Diaz choked when he tried to speak. Blood fountained out of his mouth. What he wanted to say was,
“No, I didn't want to die fighting. I wanted to die in some babe's arms, like how I was born.”
 

Diaz concentrated on the light of the fire. Darkness irised down around it. One last poem he wanted to write, about the transformation of gummy muck into heat and light—

Chapter 73

 

“I thought the sooner the better,” Martin said.

“Might as well get it over with,” Winch agreed, looking both troubled and hopeful. “So a week from tomorrow night, they'll be gone.”

“That's what he said.”

It was afternoon now, and they stood at the edge of the pasture, leaning on the fence, watching the horses browse through the tall grass. The day turned out to be warm, with a cool breeze from the ocean. Small yellow butterflies looped out of the grass where the horses grazed.

“How's Jan-Louise?” Martin asked.

“She's better. Quiet, you know. But better. She doesn't call herself names anymore. Does the bargain include her showing up tomorrow evening?”

“I suppose it does.” Martin regretted it.

“She'll be all right,” Winch said. “I'll go let the newcomers know.” He took his arms off the fence. “A week and a day. Thanks for working it out, Martin.”

He nodded, hoping he knew what he had done. It seemed easy enough. That was what had him worried.

....

Outside, on tables in front of Martin's house, they had set out bowls of huckleberries and blackberries they had gathered. The radishes, celery, lettuce, and corn came from Catrin's garden. Half a dozen fish that Rusty had caught baked on a grill, and a pot of black bean soup sat steaming beside three big loaves of bread that Jan-Louise had baked. On platters were arrayed several kinds of steamed squash seasoned with fresh garlic. Dora had scavenged a half-dozen kinds of juices from the stores in town and they sat in pitchers like colored markers among the food.

Roy had refused to have anything to do with the dinner. “I had a package of moldy weenies I was going to give you to take to Josh, with my warmest disregards, but your dog ate them. I'm sure Josh could have found a place for each and every one of them.”

To the banquet, Joshua and four of his followers, Leona among them, brought a pillow-sized bundle of venison pieces, still warm, heavily wrapped in foil, which they spread across the end of one of the tables. Everyone stared at the banquet tables, awed by the amount of food in one place at one time. None of them had seen so much food since before the disaster.

“Welcome to our village,” August said to Joshua. Dora was near him, her fingers clasped over her stomach, nodding and grinning.

“It is so nice to be here, with such friendly people,” he said with his smile. He was dressed in clean khaki pants and shirt with a black necktie, his hair, as always, looking as though it had been styled ten minutes before.
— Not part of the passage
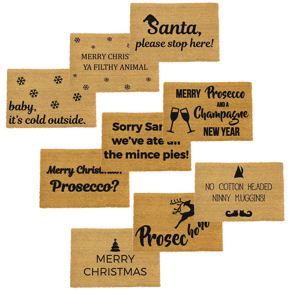 Give you and your guests a grand welcome to your home this Christmas with a designer doormat from Artsy. All Artsy doormats are crafted from a high quality tufted coconut fibre and are professionally dyed using exterior paints made to be durable and stick to the coir, whereas some others on the market are made using food dyes and not made to last.|The Christmas range of Arsty doormats include Christmas alcohol selections such as Sherry & Prosecco, your favourite season greetings and well know quotes from Christmas films. Each one has been designed to ensure they fit perfectly into the season.

His followers were also neatly dressed, all of them wearing faded blue work shirts and baggy painters' pants, the white now grayed from being washed in cold streams.

“I understand that some of you may feel some distrust of me and my people, but know that we will not be offended if you do not eat of the food we have brought as an offering to the exchange of friendship.”

While the others were talking and filling their plates, Martin noticed that Charlie was sniffing a piece of venison he'd put on his plate. Then he moved near Joshua, who circled his arm around the boy's shoulders, “You put any blood on this?” Charlie asked him.